On Mon, 2004-05-24 at 10:45, Bob Atkinson wrote:
Please, Doug; it's seems apparent that you misunderstand how XML works,
in particular it's schema resolution and namespace semantics.

On the one hand 'MARID token' you advocate in no way helps solve the
problem unless it's rooted in some namespace, which you disclaim.

It MUST be controlled by the standard and not become a prerogative of
every programmer wishing to publish new definitions.  Registering the
XML definitions as a token published with IANA controls this name
space.  This is the function of IANA.  Allowing any URI to perform this
function allows ad hoc changes that must be understood by record parsers
through some undefined out-of-band communication.

On the other, you continue to appear to state that downloads are
necessarily required, whereas in practice this will never occur. Even in
the face of extensions, a given server will only be able to actually do
anything useful with a certain fixed set of namespaces (and their
associated schemas), namely the ones that it is coded up to semantically
understand. For those namespaces, the server will load up it's XML
parser with just those definitions, and parse away.

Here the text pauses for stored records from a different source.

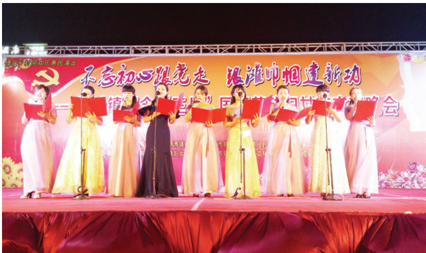
2018 年 3 月 7 日,银滩镇纪念“三八”国际劳动妇女节文艺晚会在银滩登家小镇举行 银滩镇政府 供

【民生和社会事业】 2018 年,银滩镇规范发放高龄补助、贫困重度残疾人生活救助及轮椅、拐杖等辅助器。城乡居民养老参保率和缴费率分别达到 90% 和 84%,新城乡居民医保参保率达 97%。城镇登记失业率控制在 3% 以内。完成农村劳动力 372 人转移就业,培训劳动合同签订率达 100%。落实计生家庭免费城镇医保 3016 人、城镇养老保险 1003 人、爱心保险 1137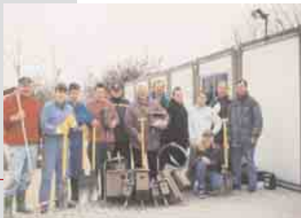
Natuurwerken op de Hoge Dijken, samen met de school Ter Streepe.

Om lid te worden van de v.z.w. 'Vriendenkring van de Hoge Dijken' wordt een jaarlijkse bijdrage van 200 Bef. gevraagd, te storten op rekeningnummer 068-2055083-68. Ieder lid ontvangt driemaandelijkse 'ZANDKORRELS', een natuur- en milieutijdschrift regio Middenkust.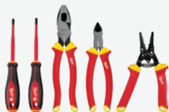
1000V 絕緣 手動工具套裝(5支裝)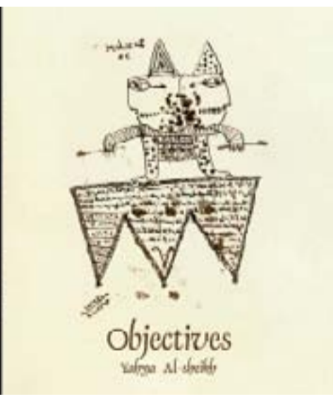
غلاف كتاب الغايات

بالضيق، الدراسة محل الانطباعات المباشرة. راح يجمع كل ما خلفه أجداده المندليون من رقى سحرية، وتواصل مع كتاب الموتى الصري على نحو يومي، ثم قرأ بإمعان كتاب شمس المعارف الكبرى للبولوني وهو من الكتب التي تجعل المرء يخشى من نفسه ومن العالم.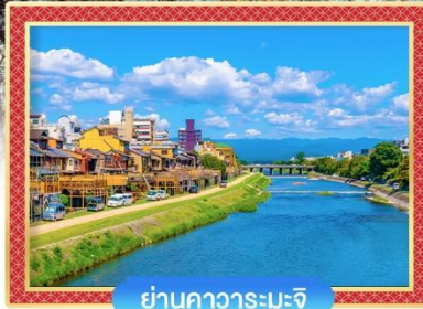
ย่านคาวาระมะจิ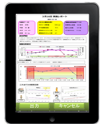
ご利用者様向け フィードバック帳票作成

運動負荷試験、利用者様基本データ登録、運動前後に実施する簡易問診、利用者様向けフィードバック帳票の作成等、運動評価サービスに必要な機能をトータルサポートいたします。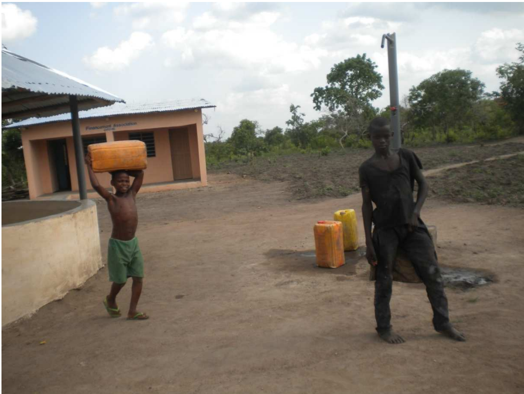
Ci-jointe la photo du robinet pour servir de l'eau à la population.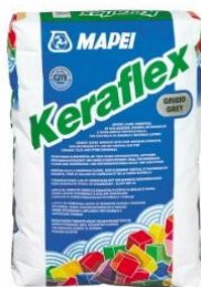
MAPEI KERAFLEX 25kg mineralno lepilo C2TE sivo 14,50 EUR/kos

APIA d.o.o., ul.25. maja 17/a, SI-5000 Nova Gorica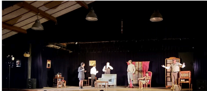
"Le repas des fauves", une soirée qui ne manquait pas de mordant!

L'association In § Off ouvrait sa saison vicoise salle polyvalente samedi soir avec une pièce de Vahé Katcha Le repas des fauves interprété par 8 acteurs de la troupe "Les pieds dans le plat" de Tarbes.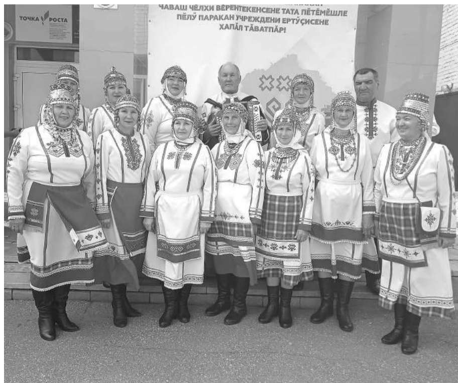
Выступает фольклорный ансамбль «Энэш».

Нам нравится жить в деревне. Люди строятся, возводят новые дома. Глядя на них, душа радуется, сердце наполняется гордостью за свою малую родину.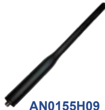
AN0155H09 Antena VHF/GPS 136-174 MHz 20 cm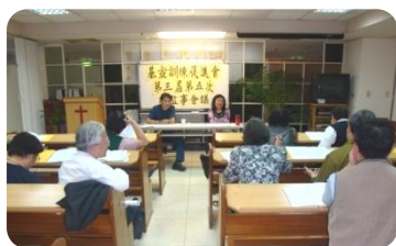
第3屆第5次理監事會議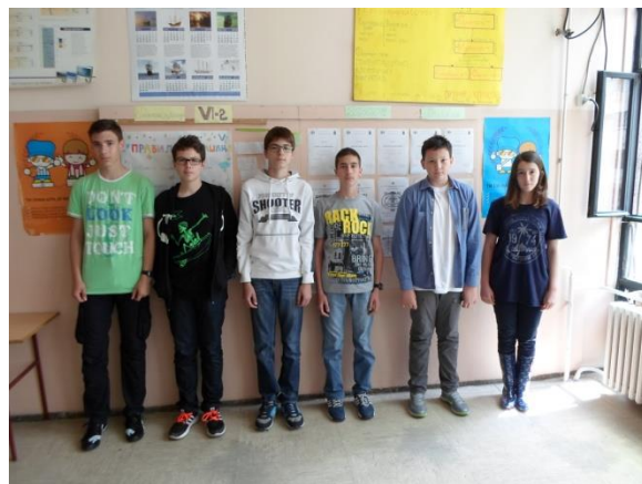
Окружно такмичење из физике, 2015.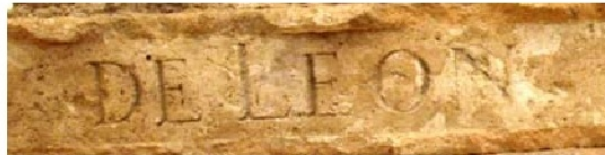
3. b. Epitaphium sepulcrale de doña Jimena. Cardeña (Ap. n.º 45)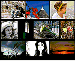
PEZZE DI GRECO, E NON SOLO...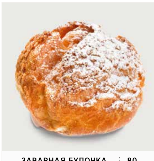
ЗАВАРНАЯ БУЛОЧКА С КРЕМОМ ..... 80 Custard bun 奶黄包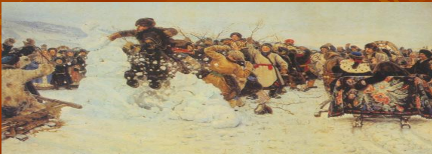
"Взятие снежного городка" Василий Суриков.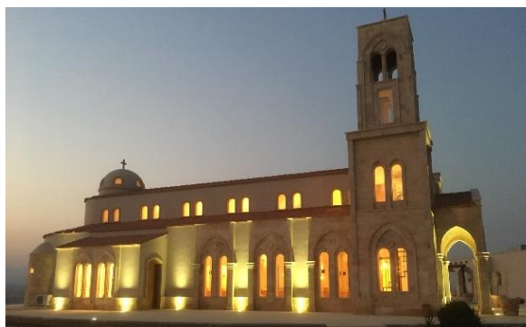
Lutherske kirken ved Jordanelven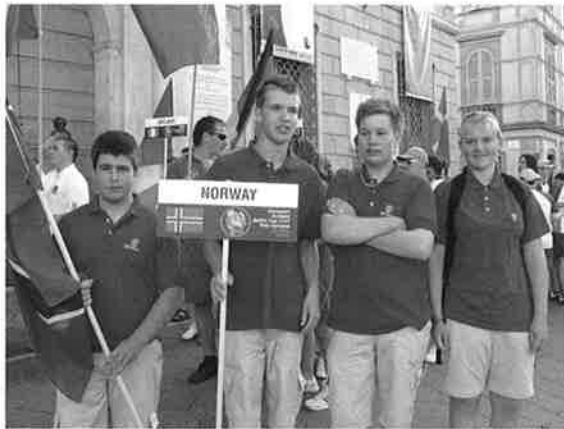
Norske ungdommer klar for innmarsj under åpningen.....

På kvelden var det åpningsseremoni med opptog og besøk på festningen i byen.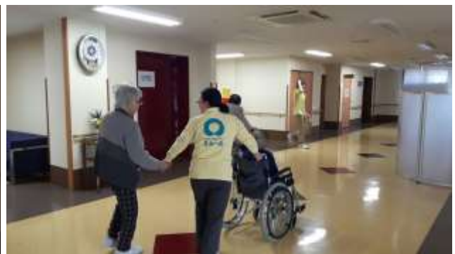
Senior Living di Jepang (salah satu lokasi kerja)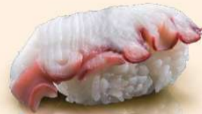
NG08. 蛸 Tako Boiled Octopus RM10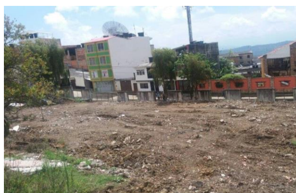
Imagen 3. Vista del predio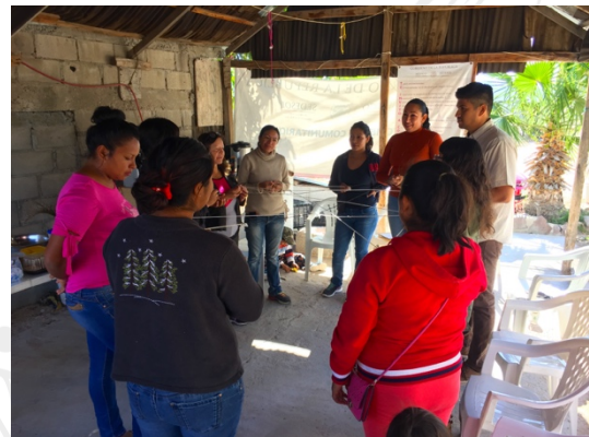
Las señoras de Villas de Guadalupe y Ampliación Vista Hermosa participando en talleres de Consolidación de Grupo.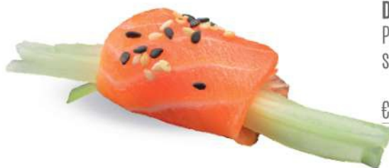
150 DUTOU SAKE Y VERDURAS Pepinos, philadelphia, salmón* y sésamo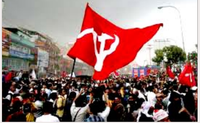
அமைதி ஒப்பந்தத்தைச் சீர்குலைக்கும் அரசியல் கட்சிகளையும் இந்திய மேலாதிக்கத் தலையீட்டையும் எதிர்த்து மாவோயிஸ்டுகள் தலைநகர் காத்தமண்டுவில் நடத்திய போராட்டம்.

மன்னராட்சிக்கு எதிரான எழுச்சி உச்சநிலையை அடைந்த போது, மன்னராட்சி இனியும் நீடிக்க முடியாமல் முட்டுச் சந்துக்கு வந்தபோது, மாவோயிஸ்டுகளு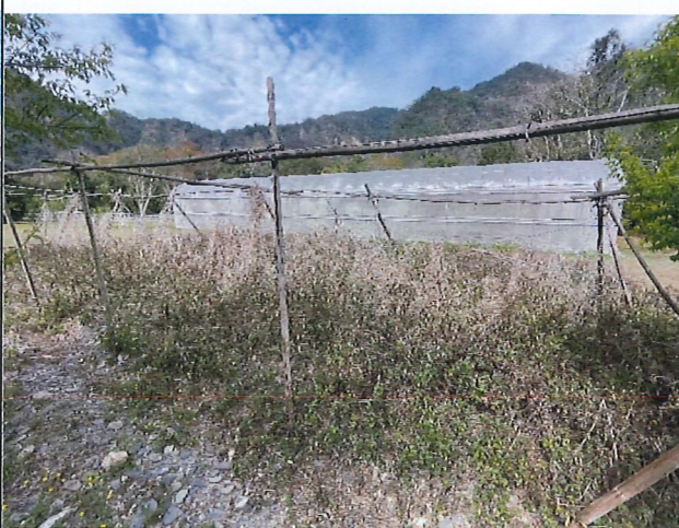
位置：X: 258846.71 Y: 2651185.69 說明：松林分廠區門口臺灣大豆復育區，植株已於前一季完成採收保種，本季尚未重新播種，待氣候適合時將重新栽植。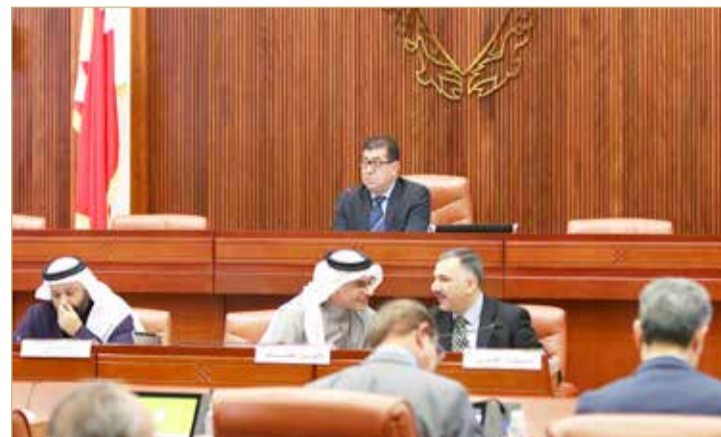
نراس جمال فخرى جلسة مجلس الشورى

جمشير: المؤسسات والهيئات لن تكون مستقلة بذاتها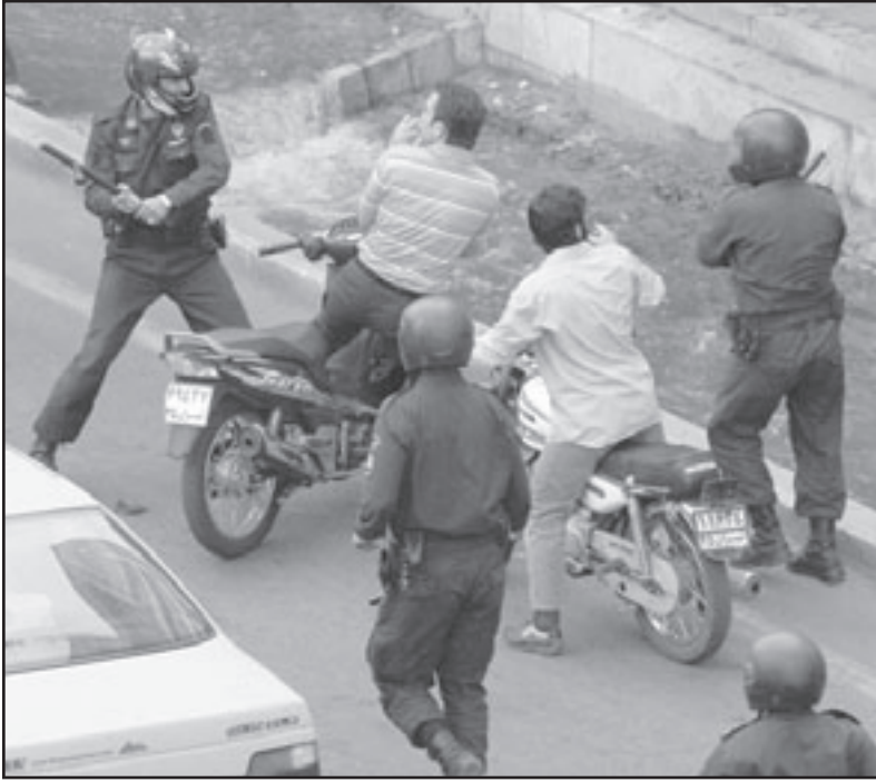
قوات شرطة تضرب متظاهرين مؤيدي موسوي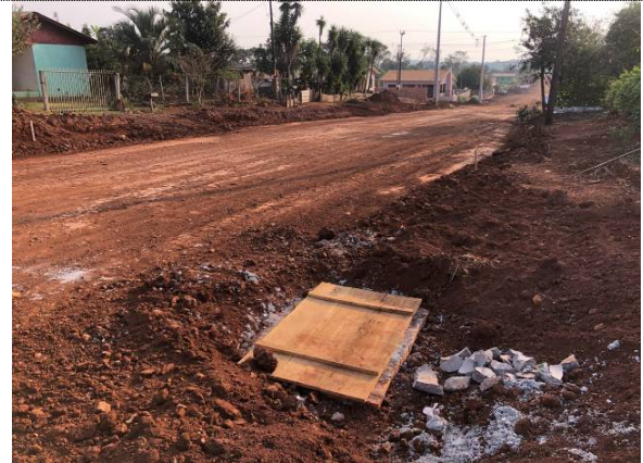
15- Boca de lobo na Pernambuco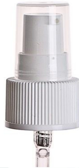
28/410 / Dosadora / Branca Estriada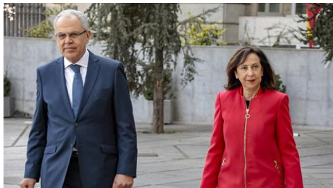
La ministra de Defensa, Margarita Robles, mantuvo un encuentro con el ministro delegado ante el jefe de Gobierno del Reino de Marruecos, encargado de la Defensa Nacional, Abdelatif Loudyi.- Madrid , 4 de marzo de 2019.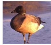
Ringelgans Branta bernida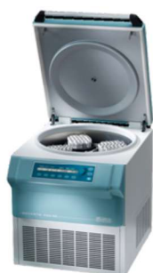
ROTANTA 460 RC

Modèles réfrigérés et cryothermostatés :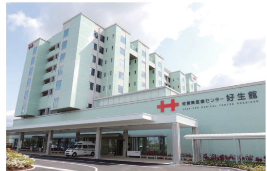
地方独立行政法人佐賀県医療センター好生館 SAGA-KEN MEDICAL CENTRE KOSEIKAN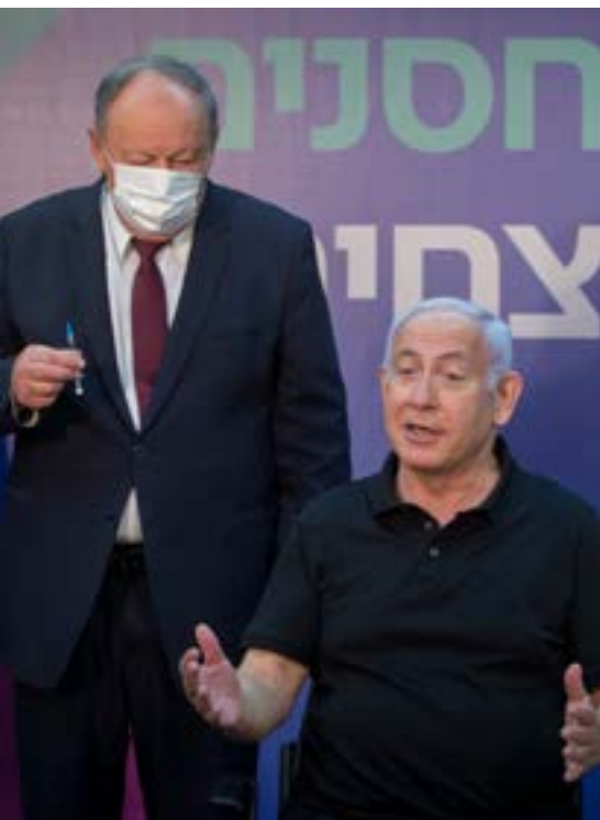
▲ 5 מיליון חיסונים בחודשיים. ראה'מ נתניהו מתחסן

כזכור, במוצאי שבת החל מתן המנה השנייה של החיסון, כאשר ראש הממשלה נתניהו שהיה המחוסן הראשון במנה הראשונה, קיבל את המנה השנייה, ובימים האחרונים חוסנו רבים ממקבלי המנה הראשונה, אולם עד כה במשרד הבריאות לא פרסמו נתון רשמי על מספר המתחסנים גם במנה השנייה. המתחסנים בחיסוני חברת פיזר, מקבלים את המנה השנייה לאחר 21 יום מהמנה הראשונה, ובחלוף שבוע נוסף נחשבים למחוסנים ותונפק עבורם 'תעודת מתחסן' שתכלול הקלות שונות כמו אי חובת בידוד במגע עם חולה.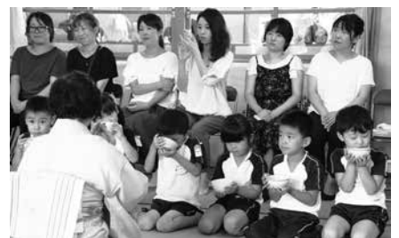
お茶おいしいねー！

茶室に入る子ども達や保護者の皆さんの表情には、程よい緊張感がうかがわれましたが、先生方の温かい言葉で一つひとつご指導をいただきながら作法を学び、貴重な体験ができました。 また、年少児と年中児は、各クラスにおいて和菓子と抹茶をいただきました。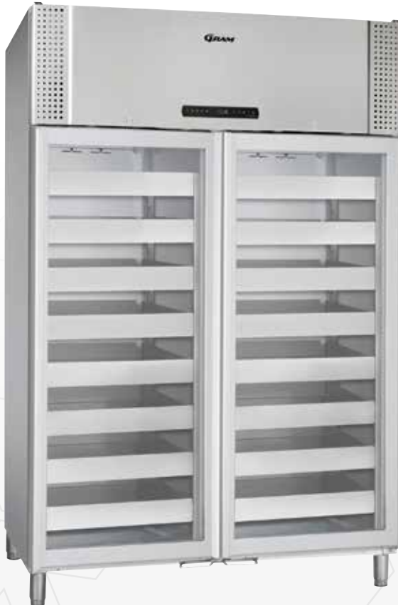
BioPlus 1400. Lades en glasdeur als optie mogelijk.

De BioPlus 1270/1400 serie is uitermate geschikt voor het bewaren van temperatuurgevoelige producten, waarbij iedere temperatuurschommeling grote invloed kan hebben op de producten.

The 'certain fixed set of namespaces'  are not defined by way of a
specific specification nor are these definitions registered in a fashion
allowing 'a given server' a means to understand records a priori.  This
instead becomes defined-by-failure or these definitions must treated in
the manner of web browser.

The xsd:any's and the like are defined in the marid schema with
'processContents="lax"' precisely so that servers that lack
understanding of a particular extension can still parse the remainder.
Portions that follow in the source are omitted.